AI-assisted lesson planning system for government school teachers at Karnataka government schools

Teacher lesson-plan customization workflow where AI and curators co-create English/Kannada lesson plans that teachers adapt for local classroom needs.

The problem

What was broken before AI

Teachers in low-resource government schools had to prepare lesson plans that satisfied curriculum and administrative requirements while also creating engaging classroom activities with limited time, materials, and digital infrastructure. Planning often meant searching across textbooks, internet resources, and peer networks, then translating or adapting ideas for English- and Kannada-medium classrooms. The friction was highest when teachers needed plans that were curriculum-aligned, activity-based, locally usable, and ready for documentation.

What changed

What the use case made possible

Shiksha Copilot turned lesson planning into a staged production system: curriculum content was ingested into a retrieval system, AI generated learning objectives and lesson plan blocks, curators reviewed and corrected them, Kannada translations were checked by Kannada-medium educators, and teachers received editable plans they could adapt for their classrooms. AI handled draft generation and reuse; humans handled pedagogical judgment, language quality, classroom fit, and final adaptation.

Why this matters

Why this use case is worth studying

The case shows why education AI needs workflow design as much as model quality. Shiksha Copilot did not assume teachers would accept raw AI output. It gave different people different responsibilities: curators improved base materials, mentors supported adoption, and classroom teachers decided what would actually work with their students. That division of labor is the lesson for builders: in sensitive domains, the product is often the review loop around the model.

Use this when

When this pattern applies

Use this case when you are designing AI workflows for education, public-sector services, multilingual content, or any setting where frontline workers need editable, reviewed materials instead of raw AI output.

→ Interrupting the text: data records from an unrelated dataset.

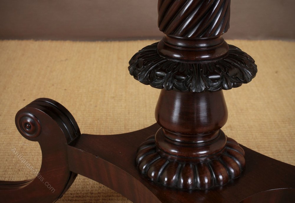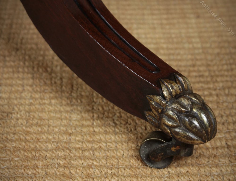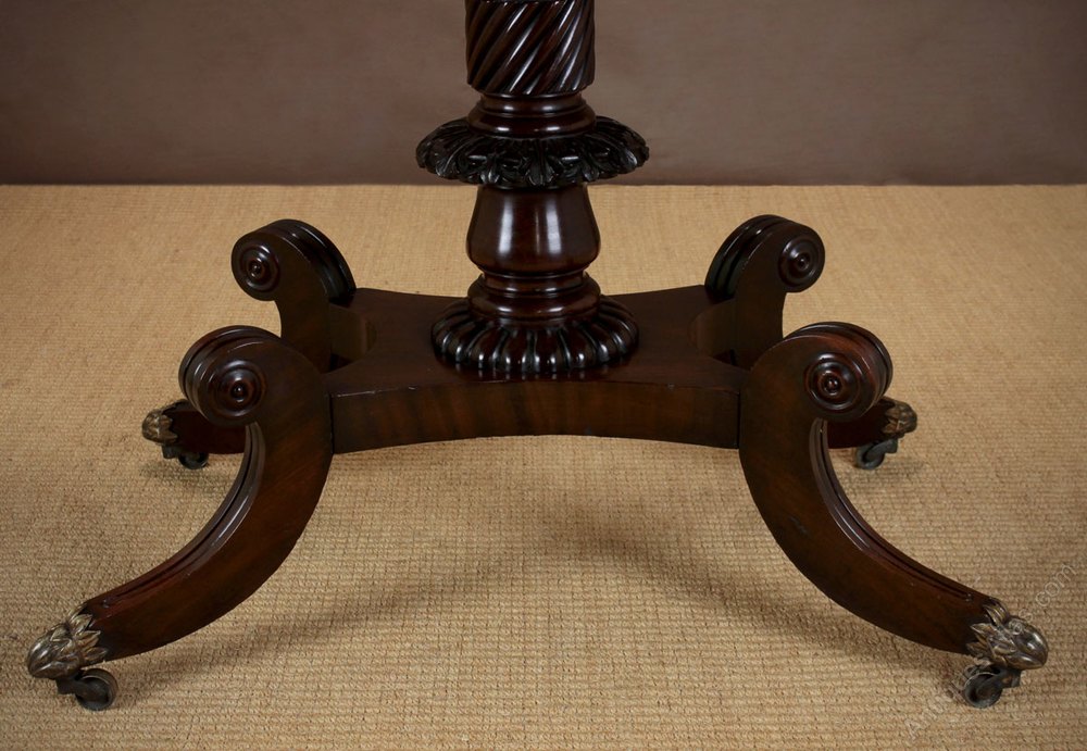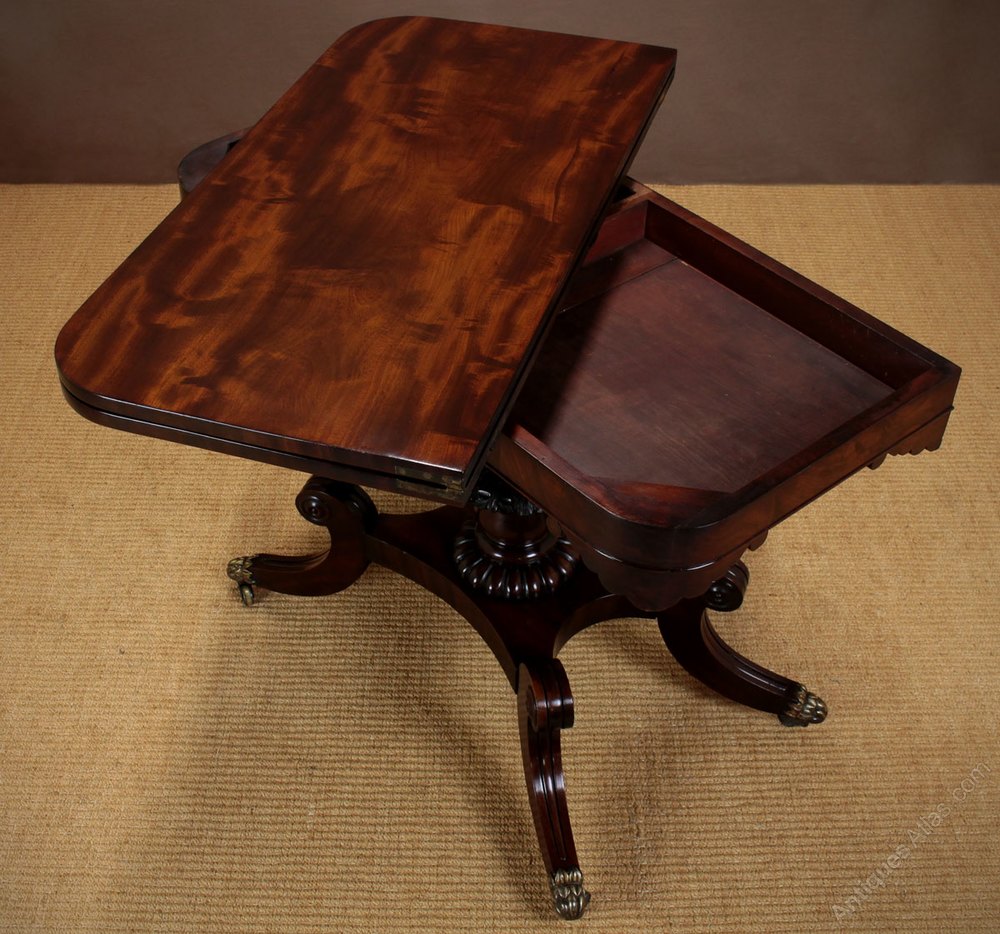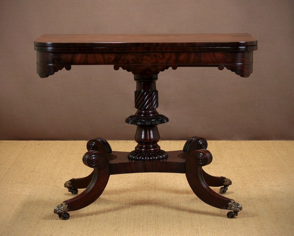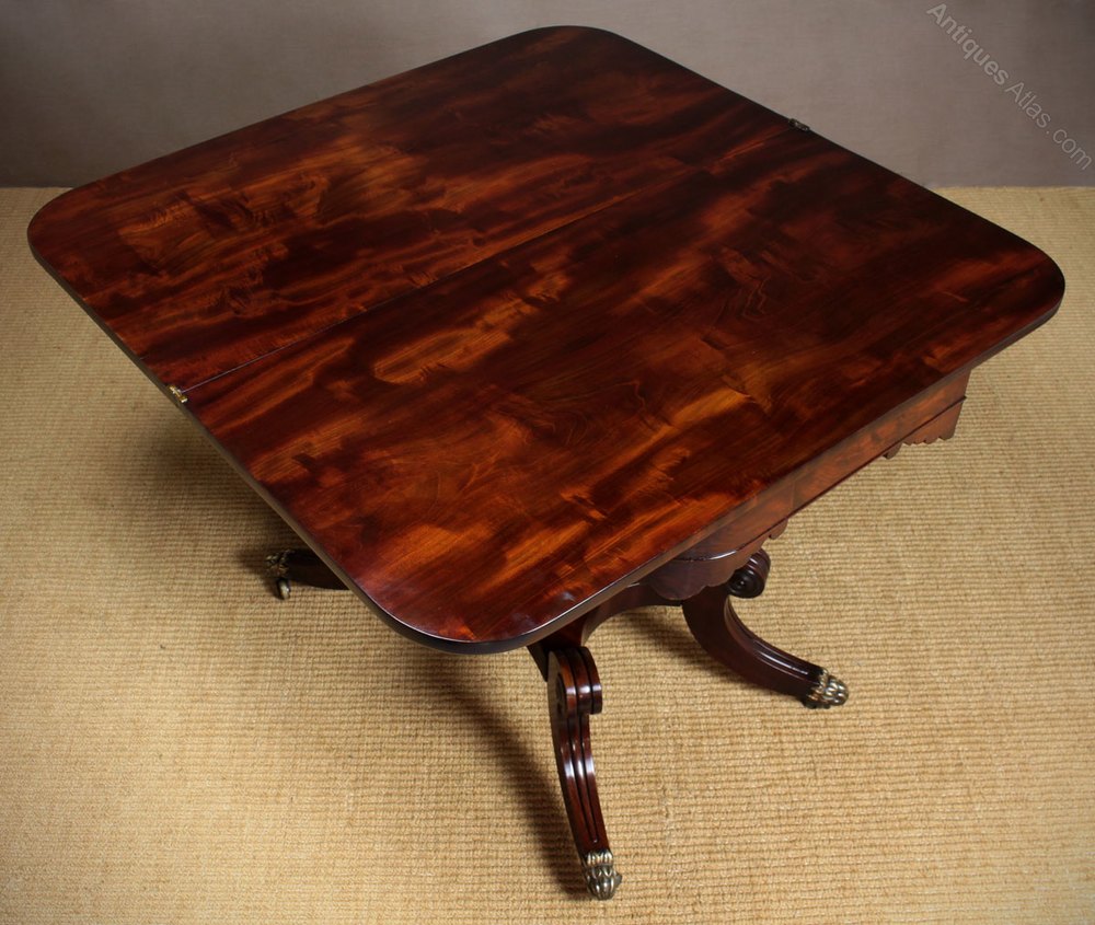 Good looking William IV mahogany fold over tea table c.1830. Sits flat against a wall as an elegant side or console table or twist and fold open the top to make a useful square supper table for four. Excellent flame mahogany veneered top on a turned and carved pedestal raised on a shaped plinth with carved sabre legs ending in original gilded brass claw feet and castors. Excellent colour and condition, cleaned and polished in our workshops.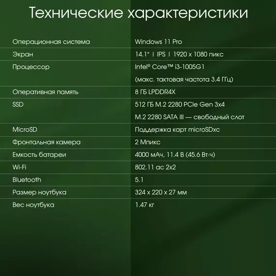 | Процессор | Intel Core i3 1005G1 1.2ГГц |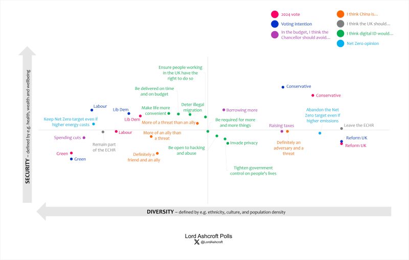As above, our political map shows how different issues, attributes, personalities and opinions interact with one another. Each point shows where we are most likely to find people with that characteristic or opinion; the closer the plot points are to each other the more closely related they are. Here we can see that those wanting to avoid tax rises and borrowing increases in the November Budget are most likely to be found on the right-hand side of the map, while those who prioritise avoiding spending cuts are most likely to be found in Labour and Green-leaning territory. We can also see that the minorities who agreed with positive statements about digital ID were all most likely to be found in the left-hand side of the map, while those believing it would eventually be required for more and more things besides right-to-work checks appeared exactly in the centre, meaning it gained wide agreement throughout the electorate.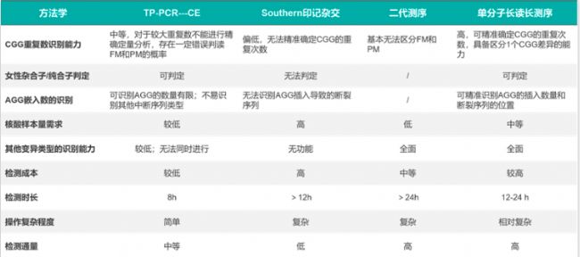 表3. 脆性X染色體綜合征FRM1基因檢測方法比較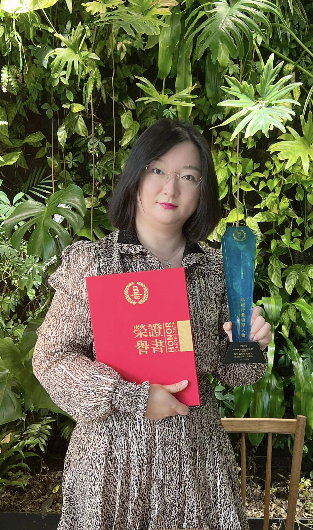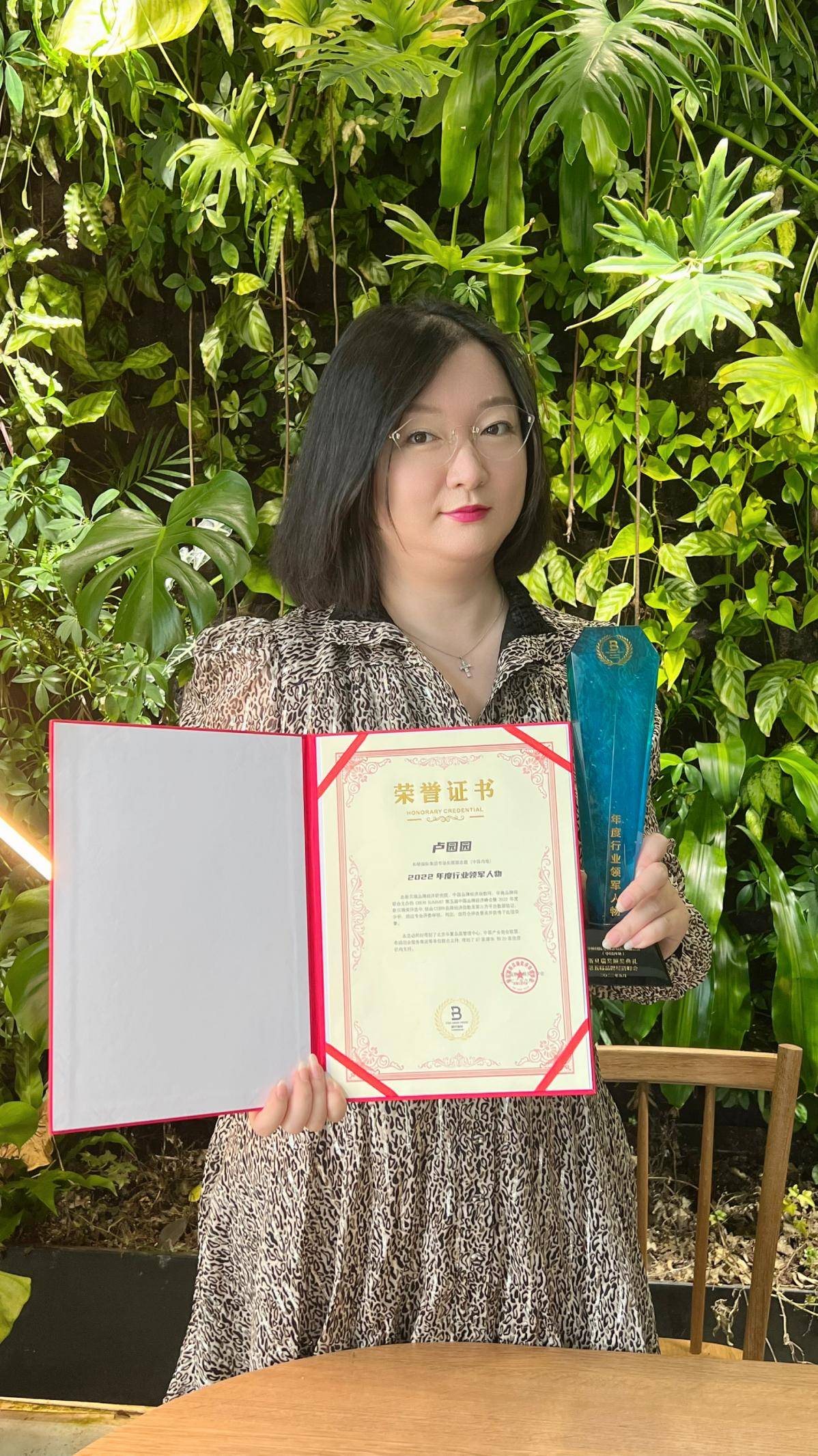 本次活动,因为受到上海疫情的影响,Salina Lu(卢园园)女士无法亲临现场领奖,为此主办方特别将获奖证书及奖杯寄去上海,以恭贺其获得此殊荣。我们再次感谢Salina在2022年的杰出表现,并期待她未来更上一层楼!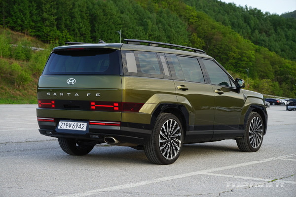 현대차 디 올 뉴 싼타페 캘리그래피 2.5T 2WD를 시승했다. 신형 싼타페(MX5)는 풀체인지를 거치며 기본기를 비롯한 전반적인 완성도가 높아진 것이 특징이다. 특히 전동식 2열 시트와 비교적 여유로운 3열, 프리미엄 브랜드와 유사한 컬러 구성은 쏘렌토 대비 앞서는 부분이다.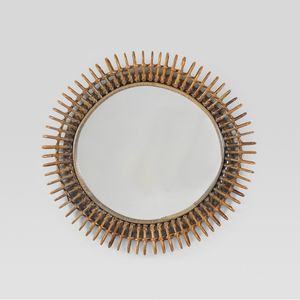 d. 56 cm. anni 60 specchio da parete circolare in rattan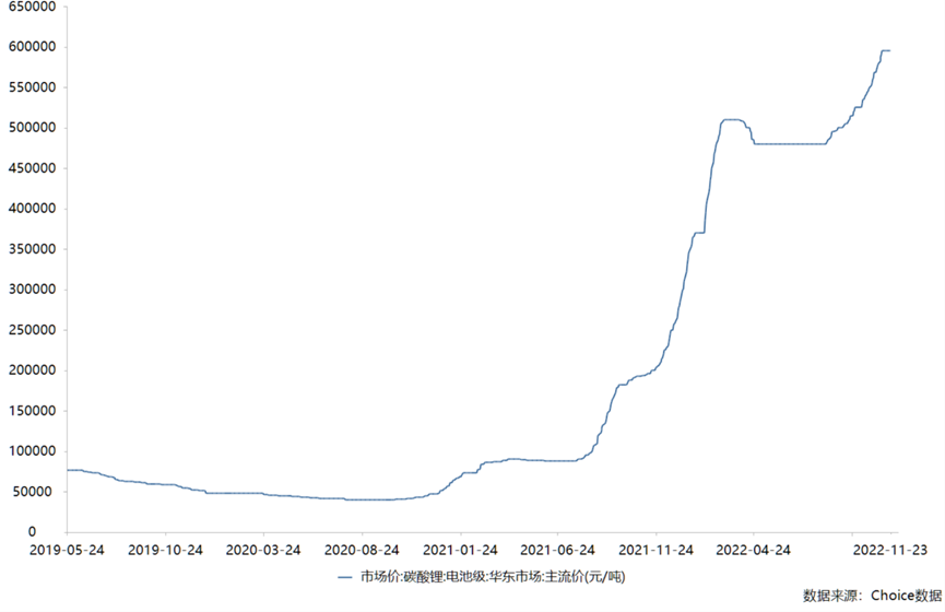 由于新能源汽车在全球的快速放量,使得锂元素已经成为了石油一般的硬通货。原材料碳酸锂从2019年的不到5万一吨,一路飙升至近60万。在各大机构对锂电池价格的预测中,均显示未来相当长时间内成本难以下降的趋势。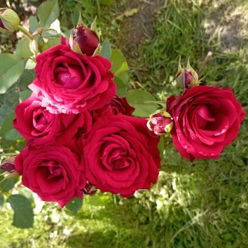 Цветы бокаловидные, темно-красные, густо-махровые, 55 - 75 лепестков, с приятным сладким ароматом, в роспуске достигают 13 см. Чаще одиночные, редко до 3 штук в кистях.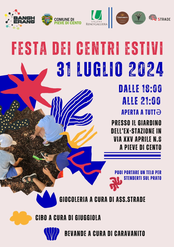Festa dei Centri Estivi organizzata da Bangherang Soc. Coop., con il patrocinio del Comune di Pieve di Cento e dell'Unione Reno Galliera.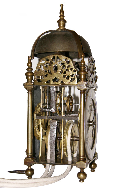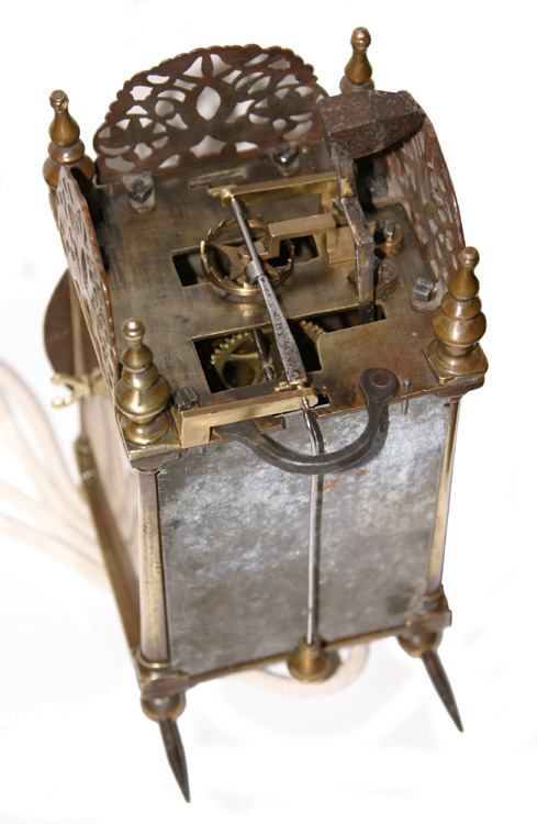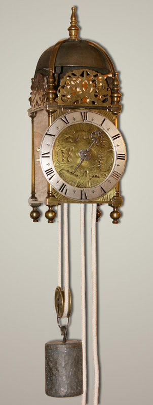 A striking timepiece with no evidence of an alarm ever having been fitted. Having crown wheel and short bob pendulum. The hammer stop in the usual style of Northern lantern clocks. Rope drive on the Huygens continuous rope system. Engraved dial centre. Original iron hour hand. Cross-dolphin frets.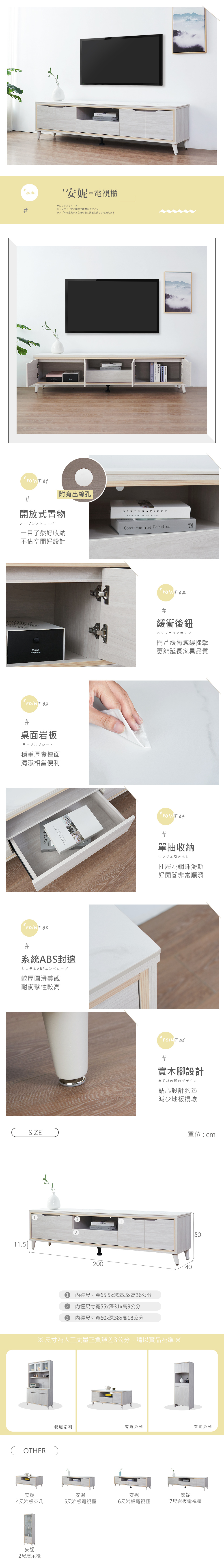 【時尚屋】[GZ11]安妮7尺岩板電視櫃,色系白橡色為主,點綴客廳視覺空間美感,材質上採用木心板、桌面岩板、鋼珠滑軌、緩衝後鈕、實木腳等,均高於市場之產品規格,品質絕對有保證!此電視櫃在收納空間上採單抽,絕對可滿足您對收納的需求,相當於收納櫃之功能!有了他絕對可以讓您煥然一新!時尚屋帶給您對家具時尚新品味。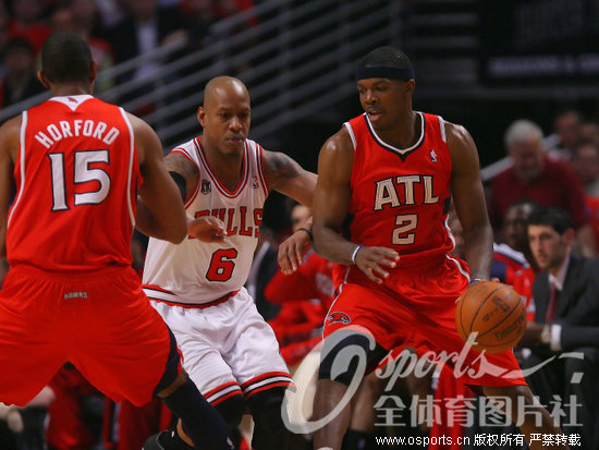 第二节两队命中率都急剧下降,公牛在本节打了两分钟后才首次得分。本节还有6分17秒时,罗斯上篮得手后,公牛还以40-30领先,不过他们此后在本节竟然未能再投篮命中。公牛在本节剩下的6分钟只靠罚球得分,罗斯6罚4中,洛尔-邓和布泽尔各罚中两球。老鹰一度将差距缩小到4分,上半场以 42-48落后。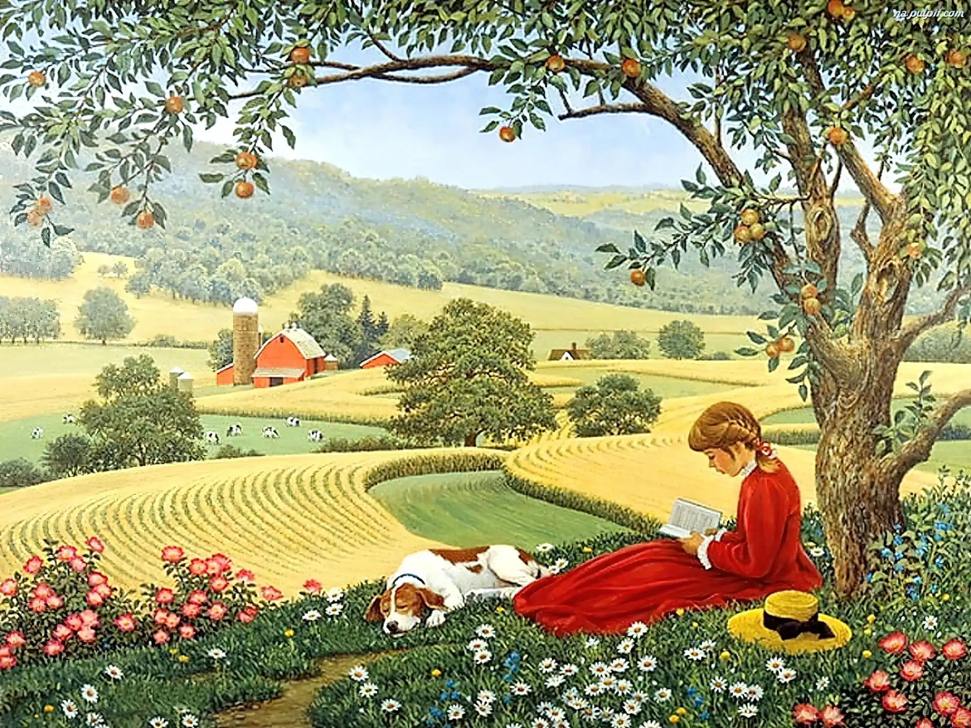Owocowe, Łąka, Pies, Dziewczyna, Drzewo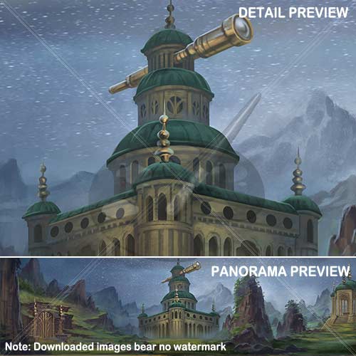 This large scale panorama artwork spans about 3500 by 1500 pixels. It features a fantastic landscape picturing a Wizards Tower, an Ancient Temple as well as a mysterious Dungeon Entrance. Each panorama pictures one of the typical geographical regions found in most high-fantasy settings.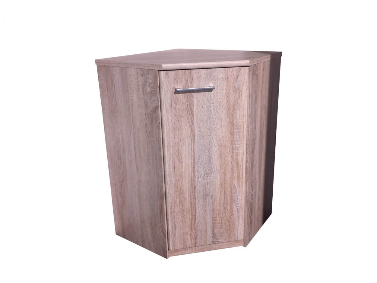 Commode d'angle 1 étagère, ferrure à droite, bois imitation chêne structuré

Exponential Builder analysis

01

Design the human roles before the AI features

Shiksha Copilot worked as a chain of responsibilities: AI drafted, curators improved, mentors supported, and teachers adapted. That role design is what made the model usable in a real school system.

02

Grounding reduces review load, but does not eliminate review

Retrieval from curriculum materials made the outputs more relevant, yet curators still had to check accuracy, pedagogy, and language. In high-context domains, grounding is the start of QA rather than the full QA system.

03

Adoption follows existing work, not ideal work

Teachers used the plans for both instruction and required documentation. Builders should respect the administrative jobs users already have, because those jobs often determine whether the AI tool becomes part of daily practice.

Who this is for

Best fit

EdTech founders building teacher-facing AI tools

School systems exploring AI-assisted planning or assessment support

Curriculum teams creating localized teaching materials

Product managers designing human-in-the-loop AI workflows

AI builders working in multilingual or low-resource environments

Operators who need quality control before distributing generated content

What to avoid

Mistakes and warnings

Where this pattern can go wrong if you copy it too literally.

Do not ship raw AI-generated lesson plans directly into classrooms without educator review.

Watch for translation quality. The source paper specifically notes that Kannada translations required extensive linguistic edits.

Avoid assuming curriculum alignment because the model sounds confident; retrieval and review both matter.

Low-resource classrooms need activities that work without projectors, internet, lab equipment, or printed materials.

Lesson plans can reduce preparation burden, but they do not remove unrelated administrative work.

Do not claim student learning gains unless you measure them; the paper says student learning outcomes were outside the study scope.

Human curation can vary by reviewer, so use rubrics, examples, and possibly multiple reviews for high-stakes content.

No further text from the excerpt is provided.